ACTION ITEM:
If pictures appear in the lines below, skip them and copy exactly the lines from the one containing "2022年11月,厦门银行通" through the one containing "これを機に、演劇を観たことが", and nothing else.

** DATA SUPPLIED follows **

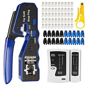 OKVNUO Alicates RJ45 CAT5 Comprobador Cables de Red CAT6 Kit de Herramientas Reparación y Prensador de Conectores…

** End of DATA SUPPLIED **
** DATA SUPPLIED follows **

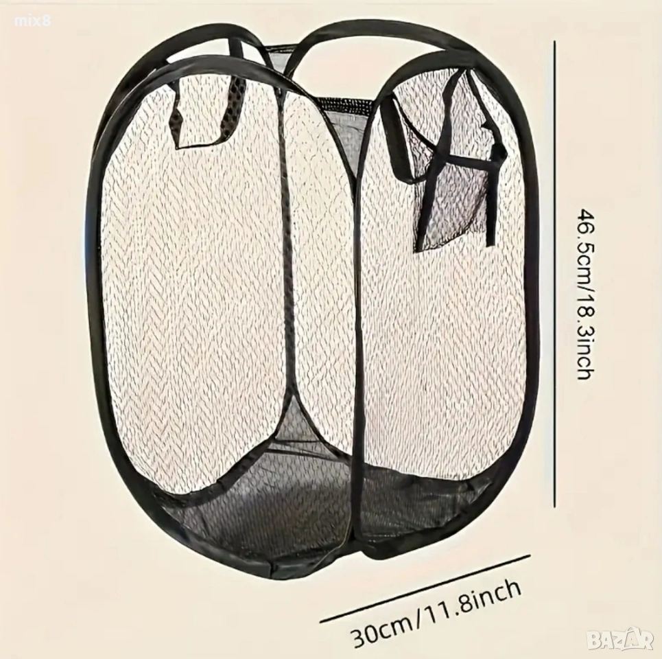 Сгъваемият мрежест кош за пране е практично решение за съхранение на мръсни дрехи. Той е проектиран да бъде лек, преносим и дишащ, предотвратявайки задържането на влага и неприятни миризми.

** End of DATA SUPPLIED **
** DATA SUPPLIED follows **

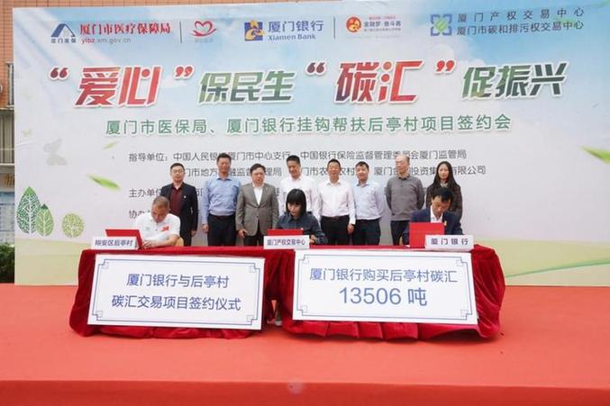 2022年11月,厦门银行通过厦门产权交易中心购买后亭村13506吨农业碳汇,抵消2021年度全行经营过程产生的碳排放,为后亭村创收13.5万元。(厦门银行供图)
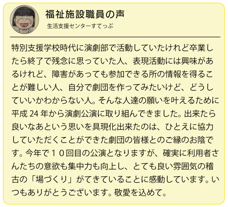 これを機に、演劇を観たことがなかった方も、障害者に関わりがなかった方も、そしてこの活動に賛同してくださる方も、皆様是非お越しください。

** End of DATA SUPPLIED **

SOLUTION:
 2022年11月,厦门银行通过厦门产权交易中心购买后亭村13506吨农业碳汇,抵消2021年度全行经营过程产生的碳排放,为后亭村创收13.5万元。(厦门银行供图)
 これを機に、演劇を観たことがなかった方も、障害者に関わりがなかった方も、そしてこの活動に賛同してくださる方も、皆様是非お越しください。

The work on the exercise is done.